Please give back, exactly as written, the lines from the line with "2022-07-23 20:49:20根" to the line with "This paper explores" in the listing below, leaving out all pictures.

Records supplied
- Opening Delimiter -
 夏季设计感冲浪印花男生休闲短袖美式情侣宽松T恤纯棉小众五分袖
- Closing Delimiter -
- Opening Delimiter -
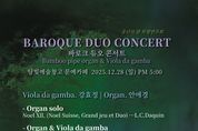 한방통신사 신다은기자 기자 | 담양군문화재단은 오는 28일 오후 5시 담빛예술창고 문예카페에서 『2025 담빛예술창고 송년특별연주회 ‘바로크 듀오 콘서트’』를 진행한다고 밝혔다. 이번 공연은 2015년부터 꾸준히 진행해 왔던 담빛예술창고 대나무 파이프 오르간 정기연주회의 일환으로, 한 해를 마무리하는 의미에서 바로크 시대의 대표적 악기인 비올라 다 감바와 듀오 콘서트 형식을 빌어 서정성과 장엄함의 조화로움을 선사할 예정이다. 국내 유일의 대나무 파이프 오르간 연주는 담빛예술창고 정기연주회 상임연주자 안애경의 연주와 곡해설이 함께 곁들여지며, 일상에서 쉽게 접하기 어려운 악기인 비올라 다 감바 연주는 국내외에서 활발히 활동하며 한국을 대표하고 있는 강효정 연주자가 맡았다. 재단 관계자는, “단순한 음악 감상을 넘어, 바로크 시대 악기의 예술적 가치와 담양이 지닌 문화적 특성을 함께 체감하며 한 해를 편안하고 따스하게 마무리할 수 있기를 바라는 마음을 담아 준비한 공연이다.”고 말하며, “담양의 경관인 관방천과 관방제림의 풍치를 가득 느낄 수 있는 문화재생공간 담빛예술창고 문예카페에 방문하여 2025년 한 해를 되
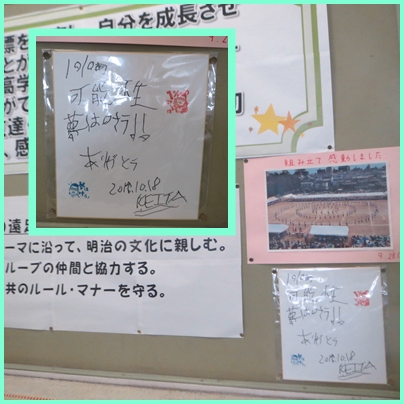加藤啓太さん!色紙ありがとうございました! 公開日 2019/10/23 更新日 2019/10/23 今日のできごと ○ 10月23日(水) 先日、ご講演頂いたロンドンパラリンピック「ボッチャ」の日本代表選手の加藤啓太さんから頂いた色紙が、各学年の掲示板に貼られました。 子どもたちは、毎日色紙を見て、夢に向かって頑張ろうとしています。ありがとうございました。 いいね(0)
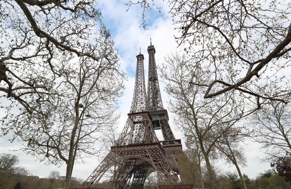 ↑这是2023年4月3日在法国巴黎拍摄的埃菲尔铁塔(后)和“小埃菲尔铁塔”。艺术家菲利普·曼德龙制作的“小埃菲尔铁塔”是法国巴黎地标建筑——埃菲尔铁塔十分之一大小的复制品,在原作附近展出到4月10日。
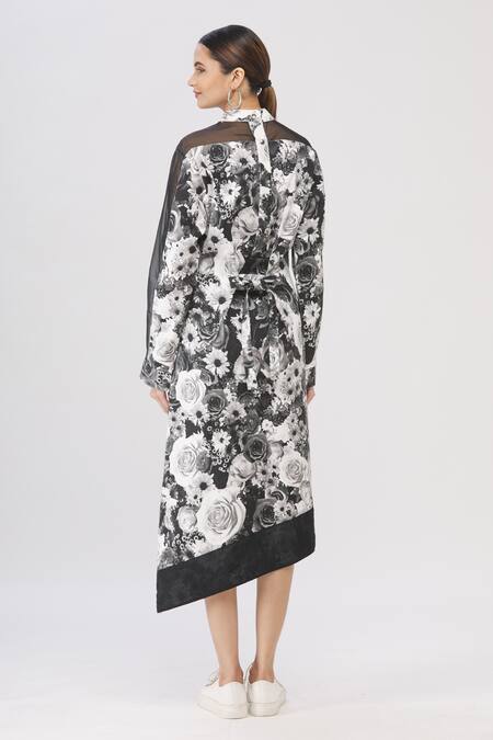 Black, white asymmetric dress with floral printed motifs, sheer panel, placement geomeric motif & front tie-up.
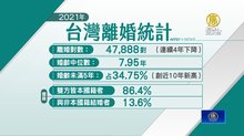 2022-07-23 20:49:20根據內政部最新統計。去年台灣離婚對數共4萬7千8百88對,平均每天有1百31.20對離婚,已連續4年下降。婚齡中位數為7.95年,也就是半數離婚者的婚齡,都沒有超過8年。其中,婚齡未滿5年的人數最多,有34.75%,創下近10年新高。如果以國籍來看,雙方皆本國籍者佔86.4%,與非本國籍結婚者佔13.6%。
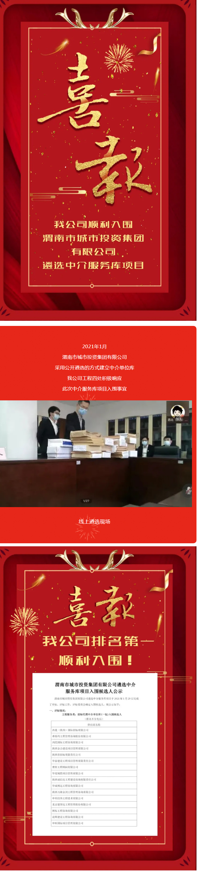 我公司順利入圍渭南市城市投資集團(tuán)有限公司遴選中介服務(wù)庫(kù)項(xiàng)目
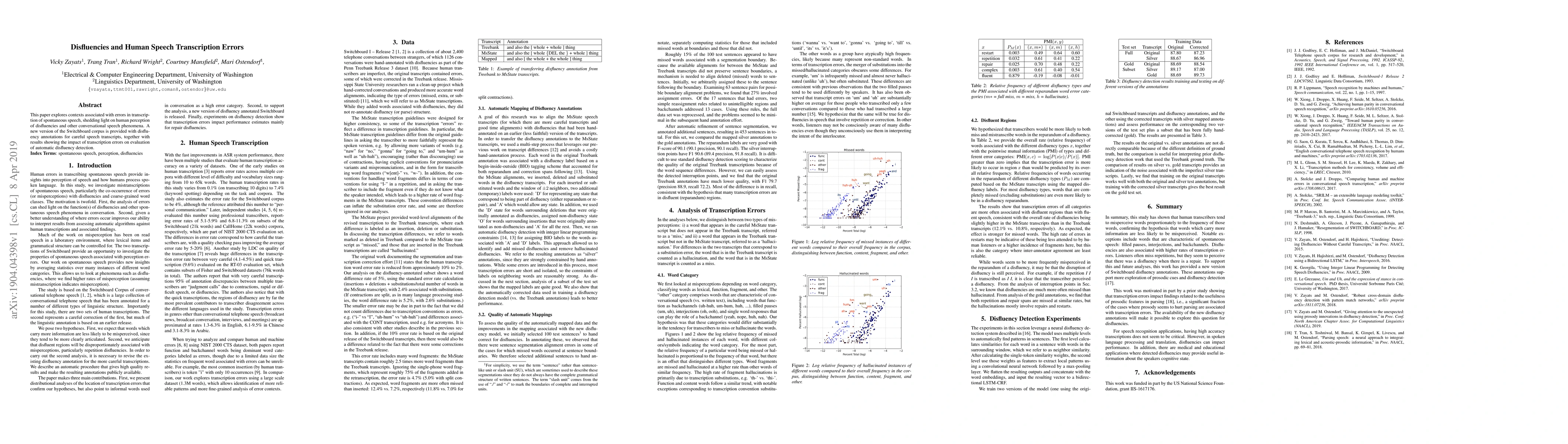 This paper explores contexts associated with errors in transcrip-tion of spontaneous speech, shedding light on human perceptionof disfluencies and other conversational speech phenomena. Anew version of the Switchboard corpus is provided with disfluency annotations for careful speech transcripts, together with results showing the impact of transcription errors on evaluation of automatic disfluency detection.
- Closing Delimiter -
- Opening Delimiter -
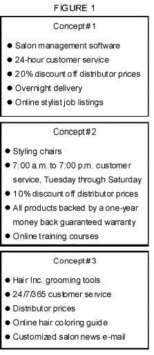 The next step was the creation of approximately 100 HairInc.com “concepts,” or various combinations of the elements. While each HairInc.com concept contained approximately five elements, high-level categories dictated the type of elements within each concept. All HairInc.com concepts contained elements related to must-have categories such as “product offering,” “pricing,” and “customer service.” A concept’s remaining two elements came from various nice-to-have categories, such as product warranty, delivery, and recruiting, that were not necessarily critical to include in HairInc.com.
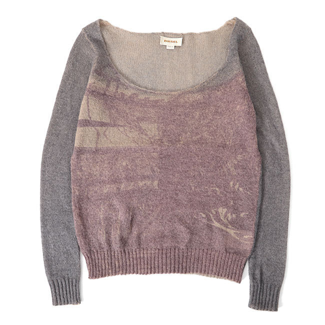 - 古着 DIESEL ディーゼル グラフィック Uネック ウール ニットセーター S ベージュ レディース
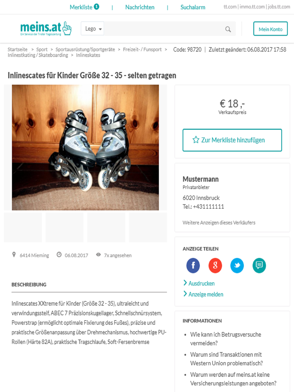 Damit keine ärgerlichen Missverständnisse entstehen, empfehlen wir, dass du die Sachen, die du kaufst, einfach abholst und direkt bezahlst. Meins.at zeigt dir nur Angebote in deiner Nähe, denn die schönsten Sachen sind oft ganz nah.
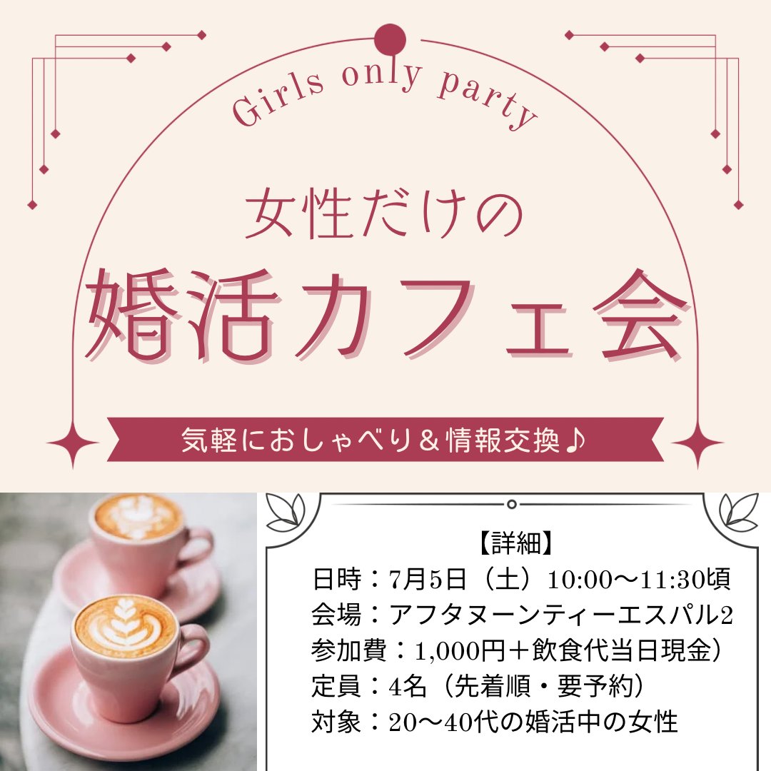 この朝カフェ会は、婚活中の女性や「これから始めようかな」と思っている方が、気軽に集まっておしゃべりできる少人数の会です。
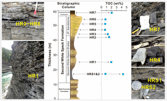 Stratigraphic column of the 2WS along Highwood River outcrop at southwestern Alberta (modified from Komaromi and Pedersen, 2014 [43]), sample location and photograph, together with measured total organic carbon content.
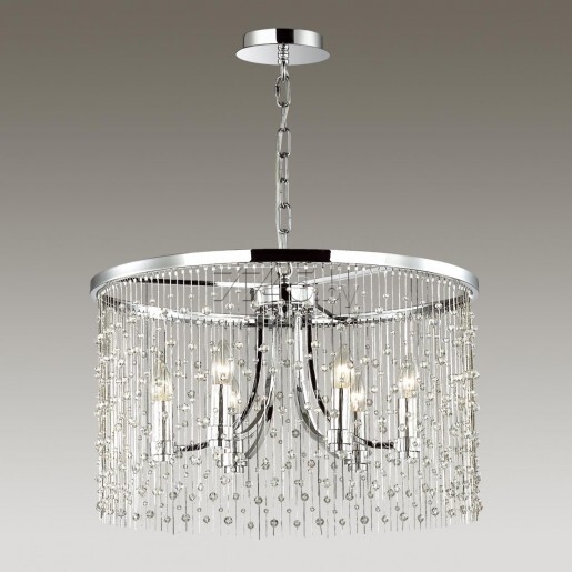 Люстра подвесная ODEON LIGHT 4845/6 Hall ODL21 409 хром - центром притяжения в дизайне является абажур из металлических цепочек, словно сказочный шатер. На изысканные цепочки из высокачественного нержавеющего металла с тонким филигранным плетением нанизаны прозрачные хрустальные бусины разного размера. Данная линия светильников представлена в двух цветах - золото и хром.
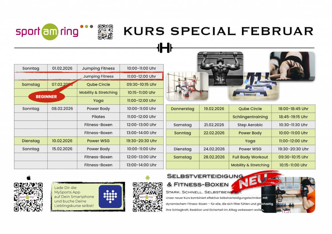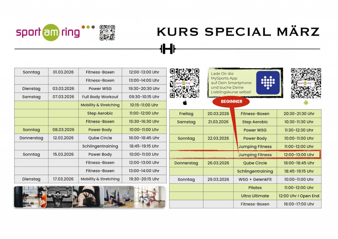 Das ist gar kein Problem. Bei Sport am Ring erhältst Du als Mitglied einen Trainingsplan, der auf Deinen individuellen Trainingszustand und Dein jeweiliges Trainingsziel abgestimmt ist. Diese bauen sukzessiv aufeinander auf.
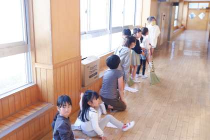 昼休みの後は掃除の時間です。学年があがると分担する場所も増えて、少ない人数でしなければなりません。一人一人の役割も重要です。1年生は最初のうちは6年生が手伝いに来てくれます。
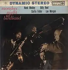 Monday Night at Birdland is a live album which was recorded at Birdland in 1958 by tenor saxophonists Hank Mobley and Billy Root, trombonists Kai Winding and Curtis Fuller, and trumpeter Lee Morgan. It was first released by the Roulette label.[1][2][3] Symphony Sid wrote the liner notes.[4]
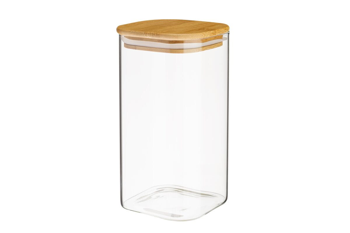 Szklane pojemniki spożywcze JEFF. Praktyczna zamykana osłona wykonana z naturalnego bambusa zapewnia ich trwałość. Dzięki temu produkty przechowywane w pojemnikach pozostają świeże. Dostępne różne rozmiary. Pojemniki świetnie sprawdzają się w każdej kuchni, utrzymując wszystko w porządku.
- Closing Delimiter -
Solution for this problem
 2022-07-23 20:49:20根據內政部最新統計。去年台灣離婚對數共4萬7千8百88對,平均每天有1百31.20對離婚,已連續4年下降。婚齡中位數為7.95年,也就是半數離婚者的婚齡,都沒有超過8年。其中,婚齡未滿5年的人數最多,有34.75%,創下近10年新高。如果以國籍來看,雙方皆本國籍者佔86.4%,與非本國籍結婚者佔13.6%。
 我公司順利入圍渭南市城市投資集團(tuán)有限公司遴選中介服務(wù)庫(kù)項(xiàng)目
 This paper explores contexts associated with errors in transcrip-tion of spontaneous speech, shedding light on human perceptionof disfluencies and other conversational speech phenomena. Anew version of the Switchboard corpus is provided with disfluency annotations for careful speech transcripts, together with results showing the impact of transcription errors on evaluation of automatic disfluency detection.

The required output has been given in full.